Your goal>
What the answer must hold is the line containing "laview laview 工作,我们分别在Sildal" and all lines after it through the end of the listing, copied exactly, with pictures left out.

Information provided>

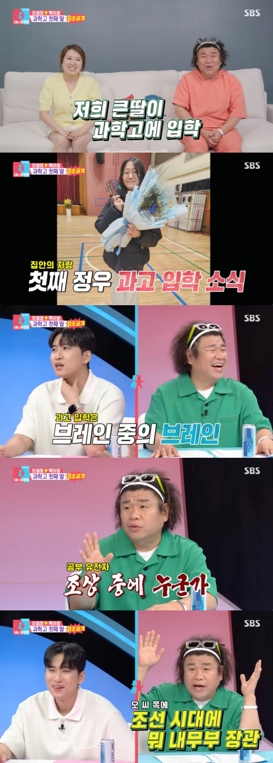이날 오정태, 백아영 부부는 "큰딸이 과학고에 입학했다"고 밝혀 축하를 받았다.
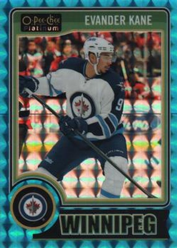 The Evander Kane 2014 O-Pee-Chee Platinum #50 Blue Cube /65 card is 1 of 17 Evander Kane's card variations in the 2014 O-Pee-Chee Platinum set being tracked by Sports Card Investor, including Base, Platinum Traxx, Rainbow, White Ice /199, and Red Prism /135.
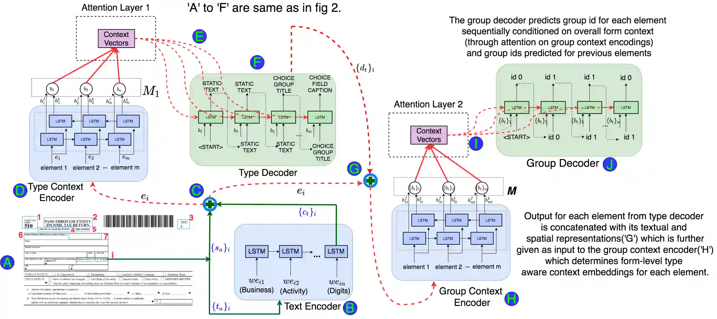 翻译:数十年来,文档结构提取一直是一个广泛研究的领域,最近的工作是利用全演网络对文档图像进行语义分解任务,使用全演网络对文档图像进行语义分解任务。这些方法受到图像分辨率的限制,因为其无法分解常见形式的稠密区域的结构。为此,我们提议了Form2Seqeq,即一个创新的按顺序排序(Seq2Seq63)的利用文本进行结构提取的框架,其具体重点是利用结构相对空间安排的表格。我们讨论了两个任务:(1) 将低级构成元素(TextBlock和空可填充元)分类为10种类型,如外地说明、列表项目和其他;(2) 将较低级别的元素分组成更高层次结构,如文本字段、选择字段和选择组,作为形式的信息收集机制。为此,我们将结构的构成要素按线性排列为自然阅读顺序,将其基于空间和文字的表达方式提供给Seq2Seq2Seqeq框架,根据最终任务按顺序对每个要素进行输出预测。我们修改Seq2Seq2Sseal2Seqeqealal-lavialalalalalalalalalalal-laview laview laview 工作,我们分别在Sildal 上完成了Slievalal-traal-traal-traal-laview laviewxal 工作, 工作,在Sildal-laview-traal-traal-traal-traal-laview-ladal-ladal-traal-laction-labal-labal-traal-ladal-ladal-ladal-ladal-ladal-labaldal-labal-ladal-ladal-ladaldal-ladal-ladal-ladal-ladal-ladal-ladal-ladal-ladal-lad-lad-ladal-lad-lad-lad-lad-lad-lad-lad-lad-lad-lad-lad-lad-lad-lad-lad-lad-
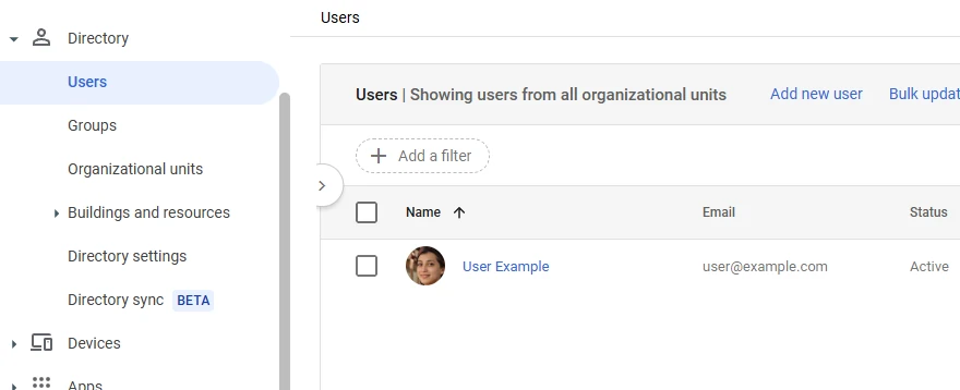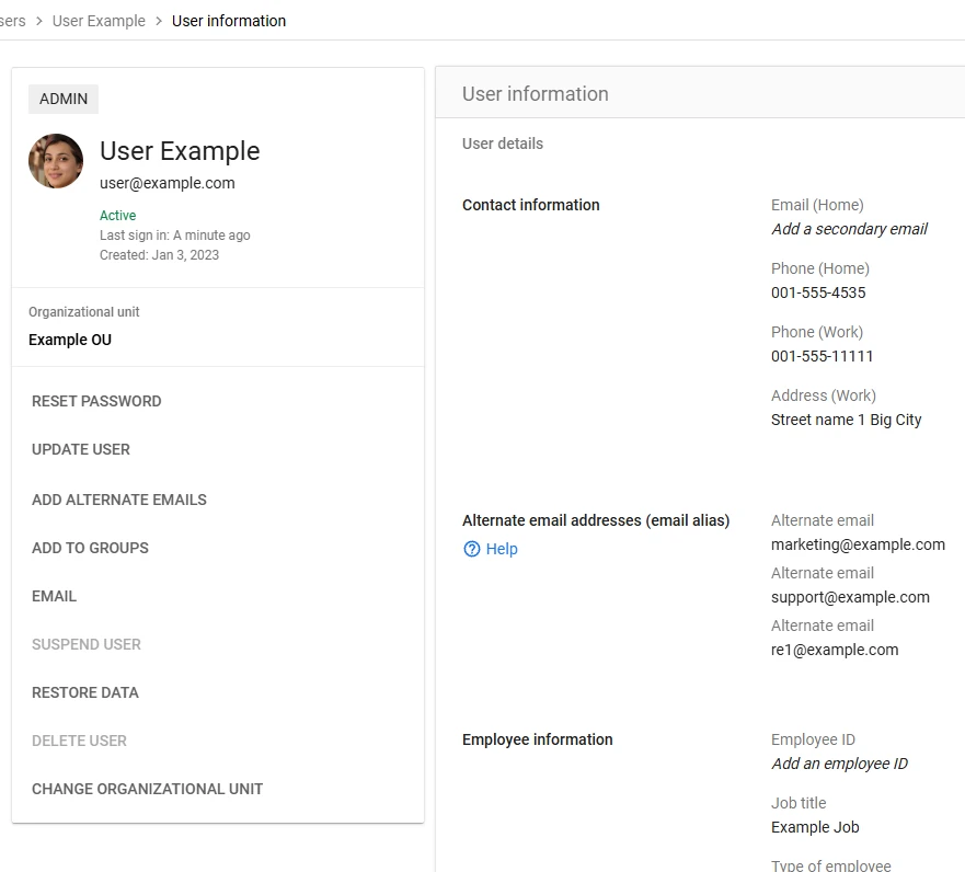 To change the user information on Google Workspace, log in to your Google Workspace account, and under Directory -> Users choose the user you wish to update.

Written answer>
 翻译:数十年来,文档结构提取一直是一个广泛研究的领域,最近的工作是利用全演网络对文档图像进行语义分解任务,使用全演网络对文档图像进行语义分解任务。这些方法受到图像分辨率的限制,因为其无法分解常见形式的稠密区域的结构。为此,我们提议了Form2Seqeq,即一个创新的按顺序排序(Seq2Seq63)的利用文本进行结构提取的框架,其具体重点是利用结构相对空间安排的表格。我们讨论了两个任务:(1) 将低级构成元素(TextBlock和空可填充元)分类为10种类型,如外地说明、列表项目和其他;(2) 将较低级别的元素分组成更高层次结构,如文本字段、选择字段和选择组,作为形式的信息收集机制。为此,我们将结构的构成要素按线性排列为自然阅读顺序,将其基于空间和文字的表达方式提供给Seq2Seq2Seqeq框架,根据最终任务按顺序对每个要素进行输出预测。我们修改Seq2Seq2Sseal2Seqeqealal-lavialalalalalalalalalalal-laview laview laview 工作,我们分别在Sildal 上完成了Slievalal-traal-traal-traal-laview laviewxal 工作, 工作,在Sildal-laview-traal-traal-traal-traal-laview-ladal-ladal-traal-laction-labal-labal-traal-ladal-ladal-ladal-ladal-ladal-labaldal-labal-ladal-ladal-ladaldal-ladal-ladal-ladal-ladal-ladal-ladal-ladal-ladal-lad-lad-ladal-lad-lad-lad-lad-lad-lad-lad-lad-lad-lad-lad-lad-lad-lad-lad-lad-
 To change the user information on Google Workspace, log in to your Google Workspace account, and under Directory -> Users choose the user you wish to update.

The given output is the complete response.